Rugose wood symptoms, including stem grooving, corky bark and stem pitting on Kober 5BB, LN33 and Rupestris St George woody indicator plants inoculated with GVA, GVB and RSPaV were not obvious in the hot and cool climate sites or the screenhouse in any year by simply peeling back the bark of plants growing in the field or in pots. Symptoms were observed only once the trunks were boiled or autoclaved, and the bark was removed; this procedure is recommended for detection of rugose wood diseases. It has been observed that corky bark symptoms associated with some strains of GVB may be observed on the green and lignified tissue of LN33 indicators in screenhouse conditions during Australian PEQ within three to six months of graft inoculation without any boiling or peeling of the bark (Mark Whattam, pers. comm., 2012).

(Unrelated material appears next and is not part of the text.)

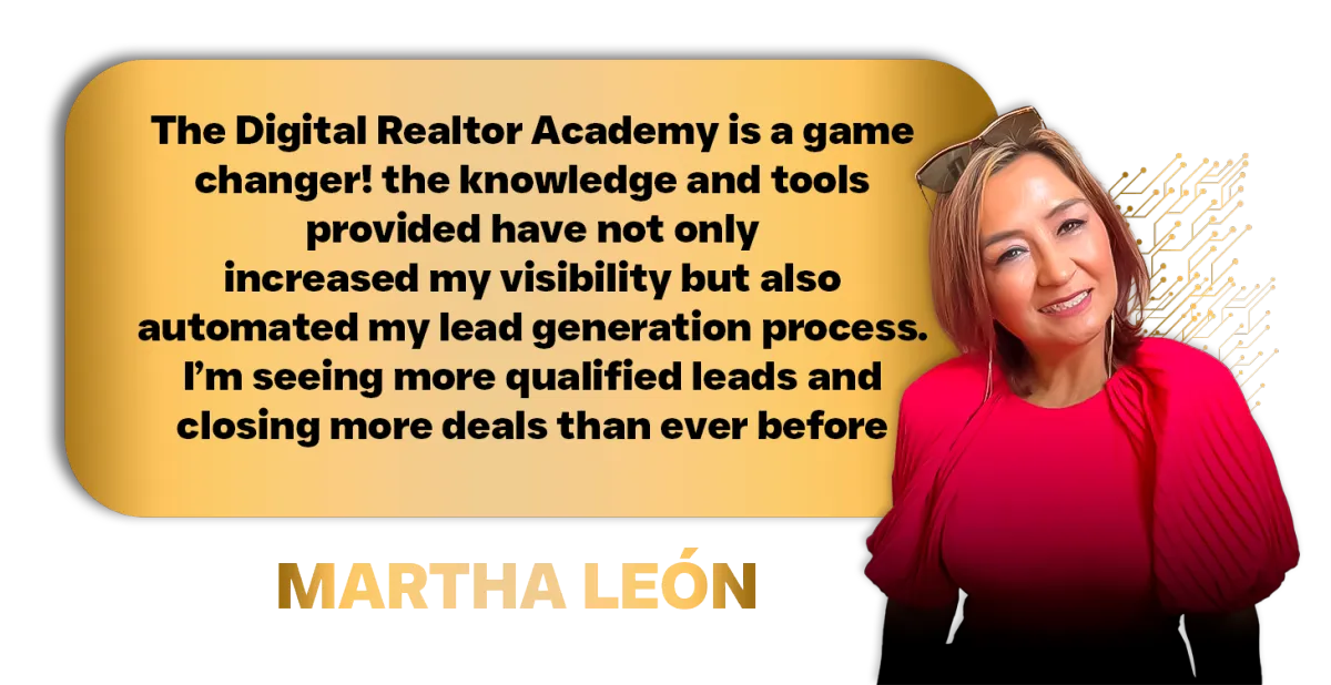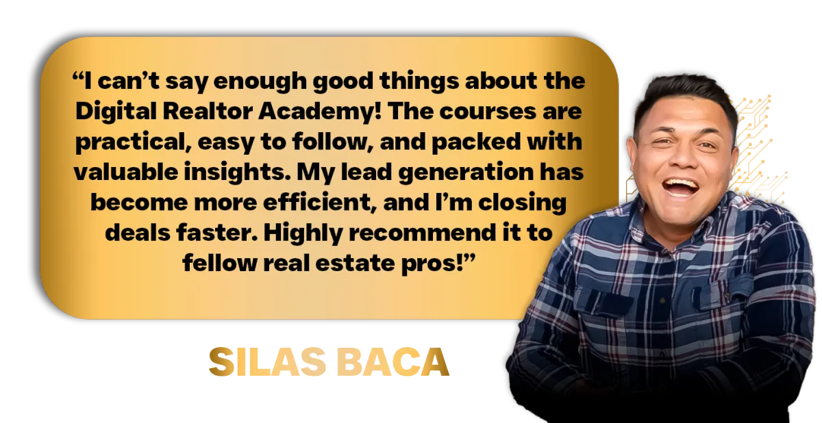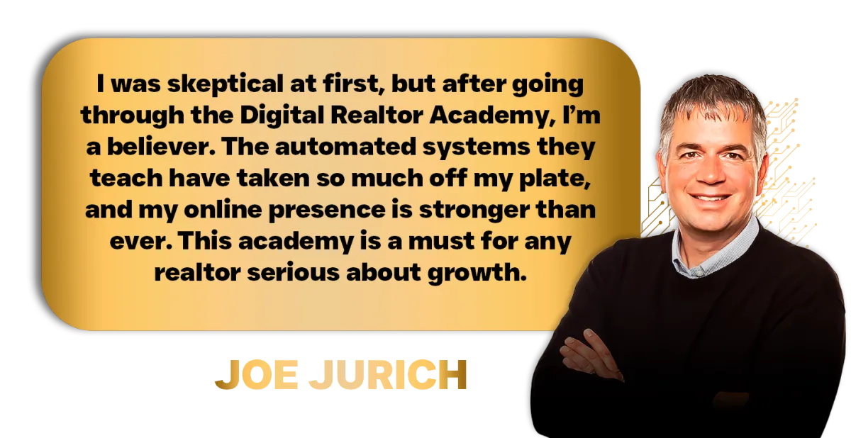 The Digital Realtor Academy programs are not responsible for your actions. You are solely responsible for your own moves and decisions, and the evaluation and use of our products and services should be based on your own due diligence. You agree that the Digital Realtor Academy programs are not liable to you in any way for your results in using our products and services. Please see our Terms and Conditions for our full disclaimer and other restrictions.
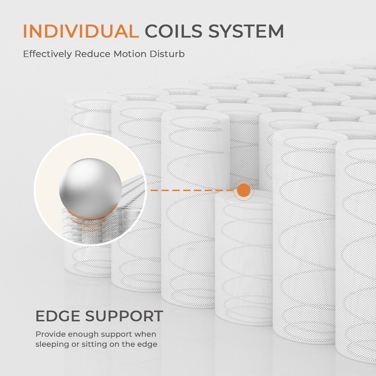 • Isolamento del movimento: è dotato di un sistema di molle insacchettate individuali che funziona bene nell'isolamento del movimento per aiutarti a dormire indisturbato e a trascorrere una notte più tranquilla.

Woody indexing relies on the interpretation of symptoms to diagnose a disease and does not necessarily identify specific viruses. Under some conditions co-infection of grapevines by two or more viruses may have a significant impact on symptom expression. For example, vein banding symptoms are observed when a grapevine is co-infected with Grapevine fanleaf virus (GFLV) and grapevine yellow speckle viroid (Krake et al. 1999), and roditis leaf discolouration may be associated with a co-infection of GFLV and Carnation mottle virus (Avgelis and Rumbos 1991). It is possible that latent virus infection of the indicator plant or the candidate grapevine by viruses such as RSPaV are important in triggering a host response to other viruses so that symptoms are expressed in biological indicator plants. Conversely, the presence of latent viruses may act to ‘cross-protect’ against other virus infections and result in a false-negative result. Cross-protection of mild strains against severe strains to prevent disease is a strategy used in other crops, such as citrus inoculated with mild strains of Citrus tristeza virus (CTV) to prevent decline, stem pitting and chlorosis symptoms associated with infection by severe strains of CTV (Fulton 1986). More work is required to understand how a combination of viruses and virus strains influences disease expression in grapevines.
In conclusion, the results of this experiment show that viruses may not be reliably detected by WI. Factors that effect WI include the success of chip bud inoculation with regard to bud-take and transmission of the candidate virus from the candidate bud to the grapevine indicator. Environment also impacts on symptom expression, and a screenhouse environment may not be optimal for WI for some viruses, particularly GLRaVs. Variable expression of symptoms was observed with time at each trial site and between both trial sites; the GLRaV-inoculated indicator plants at the cool climate site displayed symptoms during the first two seasons, and GLRaV-inoculated indicator plants at the hot climate site displayed visual symptoms during the last two seasons. These variations may also be associated with fluctuations in the environment. The specific environmental factors that influence symptom expressions are unknown, but we hypothesize that temperature may have a significant role. It is also possible that shading and day length could influence symptom expression. Thus, based on this trial, it is recommended that field-based WI, in conjunction with RT-PCR, continue to be carried out for a minimum of three years in Australia.